Chapter 1. UV GRU Direct Access API


Note: This manual only applies to SGI® UV™ 100 and SGI® UV™ 1000 and SGI® UV™ 2000 systems.


This chapter provides an overview of the SGI UV global reference unit (GRU) development kit. It describes the application programming interface (API) that allows an application direct access to GRU functionality.

Introduction

The GRU is part of the SGI UV Hub application-specific integrated circuit (ASIC). The UV Hub is the heart of the SGI UV system compute blade. It connects to two Intel® Xeon® processor sockets through the Intel QuickPath Interconnect (QPI) ports and to the high speed SGI NUMAlink® interconnect fabric through NUMAlink ports.

The UV Hub acts as a crossbar between the processors, local SDRAM memory, and the network interface. The Hub ASIC enables any processor in the single-system image (SSI) to access the memory of all processors in the SSI.

The GRU is a coprocessor that is effective at assisting the transfer of data between compute nodes at a higher speed than socket-level instructions. In addition, the GRU has support for the following:

  • Efficient atomic memory operations (AMOs)

  • Internode messages sent to message queues located on remote nodes

  • On partitioned systems, the GRU is able to access memory located on remote single system images (SSIs).

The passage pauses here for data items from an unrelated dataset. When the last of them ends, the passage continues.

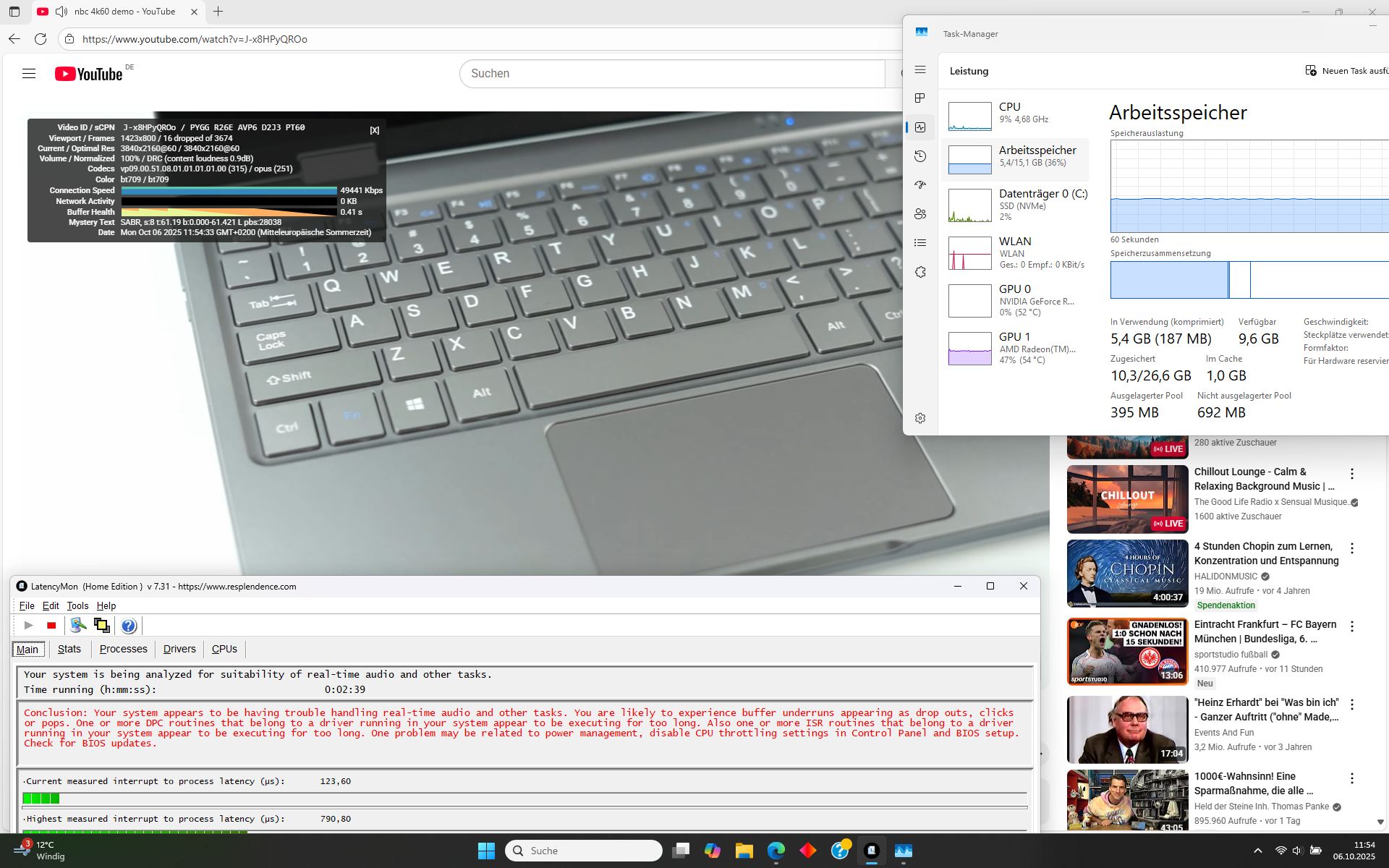 Kablosuz bağlantı da bir adım geriye gitti. Wi-Fi 6E yerine HP artık vasat aktarım hızları sunan bir Realtek Wi-Fi 6 modülü kullanıyor. Bu XMG Çekirdek 15 ve Lenovo LOQ 15 yine de benzer sonuçlar gösteriyor.
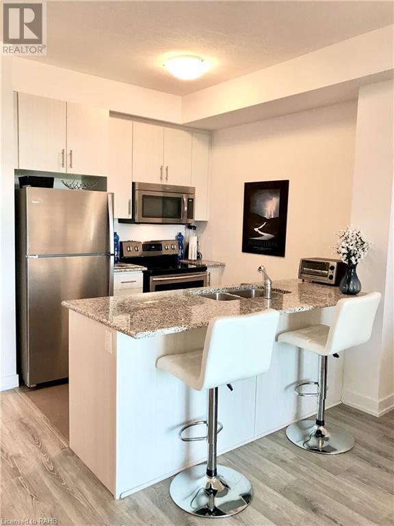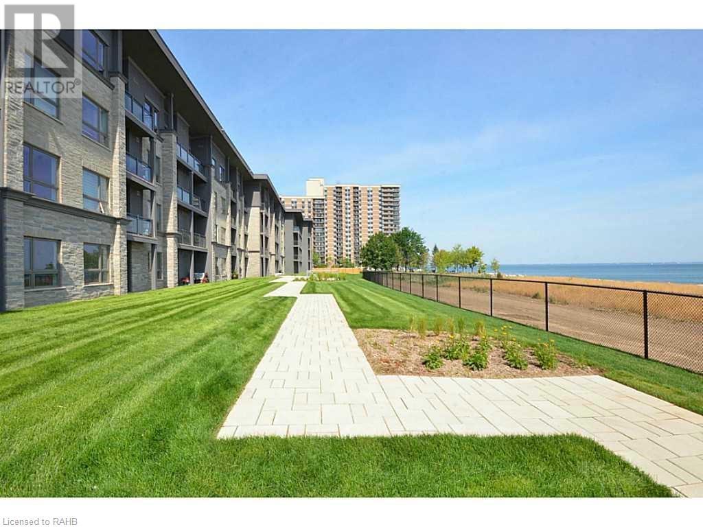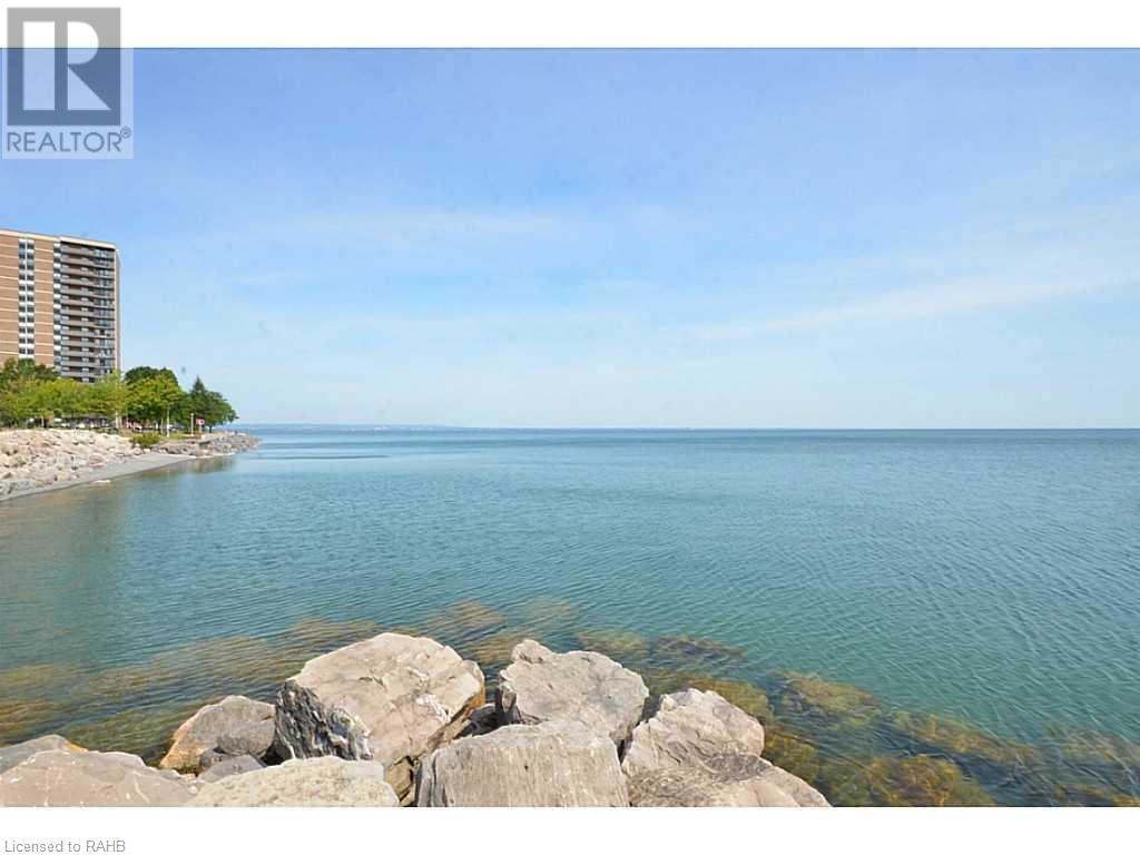 Stunning Waterfront Condo in desirable Community Beach located on the SHORES OF LAKE ONTARIO. LAKEFRONT 1 BED+DEN WITH DIRECT WATER VIEWS FROM EACH ROOM & FROM YOUR PRIVATE TERRACE. Easy walk out access to the waterfront trail! Prof designed w/luxurious finishes & S.S appliances, laminate floors, granite counters, in-suite laundry w/stackable Washer & Dryer. High ceilings & walk-in closet. 1 underground parking spot/1 storage locker. Located along a strip of waterfront with spectacular lake & Escarpment views including Toronto skyline. Community offers many amenities to complement its idyllic lakeside setting. Network of hiking trails, sandy beach, parks, dog-friendly zones, rooftop terrace with BBQs, party room w/kitchenette and fitness room & bike locker. Must see! RSA (id:55009)
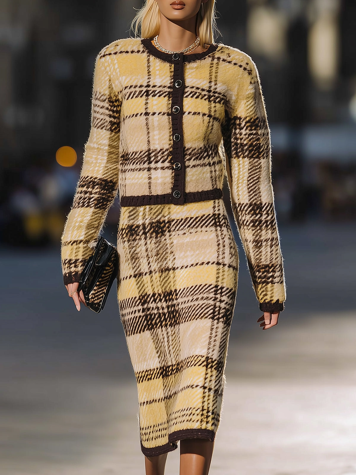 Elegant Light Yellow Cardigan Midi Skirt Set

The GRU features are available to both the kernel and to user applications. Message Passing Toolkit (MPT), the SGI MPI library, is a primary user of the GRU. In addition, user applications can directly reference the GRU using header files and libraries that are provided by SGI.

The system architecture for the next generation SGI® UV™ system, the SGI UV 2000, is a six-generation NUMAflex® distributed, shared memory (DSM) architecture known as NUMAlink 6. On SGI UV 2000 systems, the UV Hub board assembly has a HUB ASIC with two identical hubs. Each hub supports one 8.0 GT/s QPI channel to a processor socket. The Intel Xeon processor has eight-core processors per socket. The SGI UV 2000 series Hub has four NUMAlink 6 ports that connect with the NUMAlink 6 interconnect fabric.

In the NUMAlink architecture, all processors and memory can be tied together into a single logical system.

For more information on the SGI UV hub, SGI UV compute blades, QPI, NUMAlink 5, and NUMAlink 6 see the SGI Altix UV 1000 System User's Guide, the SGI Altix UV 100 System User's Guide or the SGI UV 2000 System User Guide, respectively. This chapter covers the following topics:

Advantages Provided by Directly Programming the GRU

The low level SGI UV GRU API provides direct access to the full set of GRU instructions. Most of these instructions are not available through the use of the MPT, SHMEM, or UPC APIs. The full benefit of the GRU is in the ability to have the GRU asynchronously executing instructions in the background while the user application performs other work.

The GRU instruction set and hardware architecture provides the following capabilities:

  • Provide a large globally addressable memory

  • Take advantage of the available bandwidth and NUMAlink message efficiency with vector-like instruction

  • Take advantage of specific hardware mechanisms aimed at reducing network traffic

  • Expand the reach of the limited processor cores outstanding references by bringing latency tolerant remote references in the local hub resources, increasing sustained bandwidth in all but the smallest systems.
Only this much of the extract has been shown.